45

6.4K 484 307
                                    

BASKIN!

Bugün pazardı. Muharrem efendi evinde olmalıydı.

Baskın yapacaktım. Ben, konuştuk her şey düzeldi sanıyorken o hâlâ uzak davranıyordu. Mesajlarıma cevap vermemek ne oluyordu ya? Bunu artık bizim yaş grubu bile yapmıyor.

Evinin kapısını alacaklı gibi çaldığımda kapı çok geçmeden açıldı. Aynur teyze başına aldığı tülbentle kapının arkasından bana baktı. Gözleri anlık olarak rahatlar bir ifadeye büründü. "Ay oğlum sen miydin? Ne diye kıracak gibi çalıyorsun?" dedi ve kapıyı sonuna kadar açıp içeriye buyur etti beni.

"Kusura bakma Aynur teyzeciğim. Oğlunla konuşmam gereken bir mevzu var." Ayakkabılarımı bir yandan çıkartıp içeriye girdim. Muharrem'in odasına ilerlemeden "Unutmadan annem sizi akşam yemeğine çağırıyor." dedim ve direkt karşı odaya daldım.

Aynur teyze arkamdan dış kapıyı kapatıp güldü.

Rahat rahat uyuyan Muharrem'i görünce dişlerimi sıktım. Şuna bak birde uyuyordu. Benim uykularım kaçarken hemde!

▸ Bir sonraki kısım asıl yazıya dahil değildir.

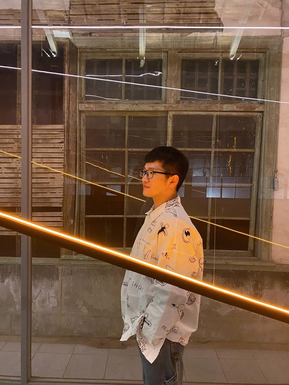 寬版塗鴉白襯衫搭配牛仔工褲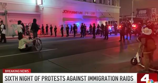 ▲시위 6일째 LA 다운타운 모습 (사진: 채널 4 영상 뉴스 화면 캡쳐)

Odasının kapısını sertçe kapatınca yerinden sıçradı. Kapıya bakmadan sırtını döndü. "Anne düzgün kapa şu kapıyı ya!" Diye söylendi.

Herkese aslan oluyorsun bana gelince kedi oluyorssunn... tiktokta böyle bir abla vardı değil mi? Ne alakaydı bilmiyorum ama kızın sesi aniden beynimde yankılandı.

Sakin olacağını düşündüğüm adımlarla Muharrem'e ilerledim. O kadar çok dövmek istiyordum ki... Ama yaklaştıkça bu düşünce kalbimi ezdi geçti. Sanki kendime vurmuşum gibi canım acıdı. Daha vurmamıştım sadece düşünmüştüm halbuki... Neyse demek ki şiddet olmayacaktı. İyi güzel...

Kafasının üzerinde birinin dikildiğini fark edince huzursuzlanarak kımıldadı. Tek gözünü açıp bana baktı. "Serkan?"

Ellerimi göğsümde bağlarken kaşlarımı havaya kaldırdım. "Serkan ya! Serkan! Evet. Uyan çabuk." dedim.

Muharrem gözlerini kırpıştırırken anlamsız anlamsız yüzüme bakıyordu. Uyku sersemliği geçene kadar ayakta bekledim. Geçen haftalara kadar uzandığı yatakta uyuyor, bulunduğumuz odada ders çalışıyordum.

Uykudan yeni uyandığı için kalın sesiyle "Ne için geldin?" dedi.

"Gelme sebebim belli." Dedim ters ters.

Muharrem yataktan çıkmadan sadece sırtını başlığa yasladı ve bacaklarına yorganı örttü. "Serkan, oyalama beni hadi çok uykum var. Ne istiyorsan söyle ve git." dedi.

Sinirden çatılmış kaşlarım hayal kırıklığıyla havalandı. Nefes alışverişim hızlandı. Ciddi anlamda kalbimin kırıldığını hissettim. Daha yavaş çalışıyordu sanki. Yanaklarımın yanmaya başladığını hissediyordum.

Bu nasıl konuşma şekliydi?

"Ne?" dedim deminki ses tonumdan çok uzak daha sakin hatta sessiz...

Ayakta durmak zorlaşmaya başlayınca ayak ucuna oturdum. Hemen yelkenleri suya indirmiştim. Güçlü kalamamıştım. İlk cümlesiyle kırmıştı kalbimi.

"Muharrem ne oluyor? Ne bu soğukluk, neden böyle konuşuyorsun?" Ilımlı konuşmaya başlamıştım.

Muharrem sert bakışlarını tam gözlerimin içine diktiğinde gözlerimi kaçırdım. "Bitirmek isteyen sendin. Bitirdim işte."

"O, olanları bilmeden önceydi." dedim. Hala sesim bir tarafıma kaçmış gibiyidi. Ağlayacak gibi hissediyordum ama karşısında ağlamakta istemiyordum.